Another common workflow for me is to discover an error, fix it in data collection, and then write a test to catch it in the future (although it's best to also fix it in the warehouse so your tests will pass). This new test would fail if it ran against all-time data.

I'm curious what @adamribaudo thinks?

geo909 commented 4 months ago

@dgitis Just a thought that came up while reading your comment

I think it's okay to assume that the older data has been tested and we should only need to test new or processed data.

I believe that testing does not necessarily adhere to this principle. Consider for instance a 'uniqueness' test; if some values are unique for yesterday's data, this does not necessarily mean that they are unique over a longer period of time, such as last year.

That said, and the more I think about it, I still don't believe dbt core should enforce partition filtering when require_partition_filter is enabled. When this flag is set, this means that the user is forced to make concious filtering decisions, even when writing tests. But the "user" in this case, could be the package developer. In our case, maybe we could add a filter in the tests using the ga4.start_date variable when the require_partition_filter is detected.

This is just a thought, I don't know how hard this is to implement and what other consequences it may have in your code.

dgitis commented 4 months ago

The only issue is that if dbt does not enforce partition filtering on tests, then their tests are incompatible with their require_partition_filter. Two of their features don't work together. That seems like their problem.

Admittedly, it's open source software so it's a problem for any user who decides to fix it, but I'm not qualified to fix it because I don't really work much with other warehouses. This is why I want to open an issue in dbt Core where we can pull in experience from non-BQ warehouses and get a wider variety of perspectives on the nature of testing and possible fixes for this incompatibility.

geo909 commented 4 months ago

The only issue is that if dbt does not enforce partition filtering on tests, then their tests are incompatible with their require_partition_filter. Two of their features don't work together. That seems like their problem.

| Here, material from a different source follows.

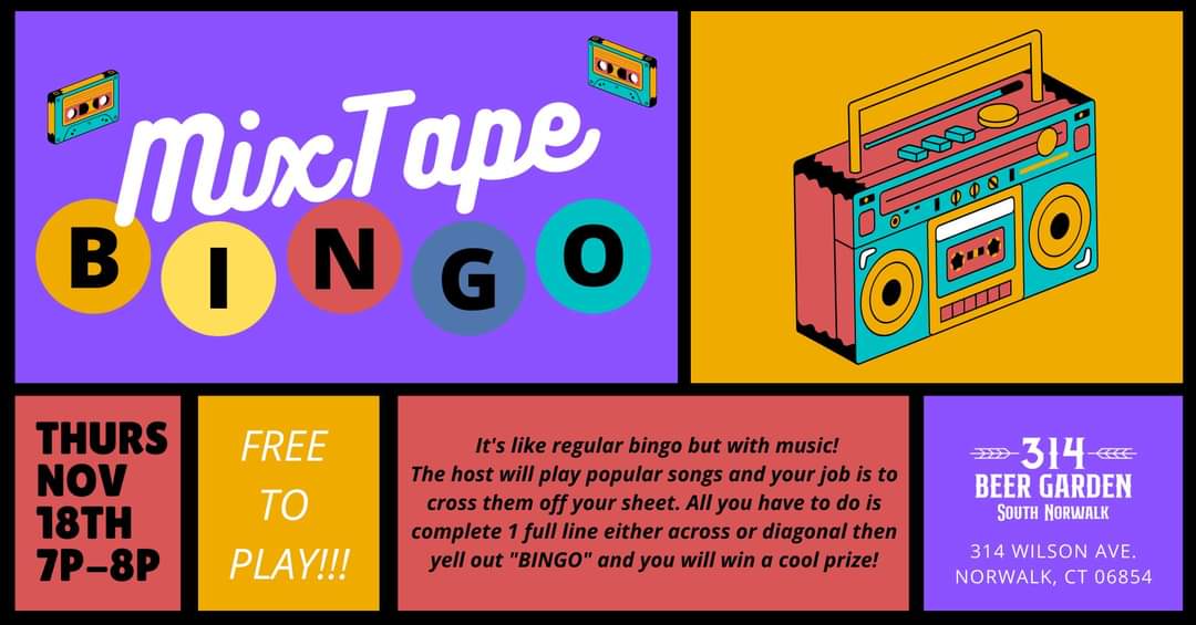 MixTape Bingo is just like regular bingo but with music! The host will play popular songs and your job is to cross them off your sheet. All you have to do is complete 1 full line either across or diagonal then yell out “BINGO” and you will win a cool prize!

Well, the user is forced to use a "where" clause in their test, and then it will work. When require_partition_filter is true, it forces users (even package developers) to filter, even if this is in designing their tests. Anyway, this is my understanding and I could certainly be on the wrong path. I can open a ticket with dbt and see where the discussion goes there. In any case, I'll also just make my own tests so this is not a big problem.

Thank you again for the effort and the great package.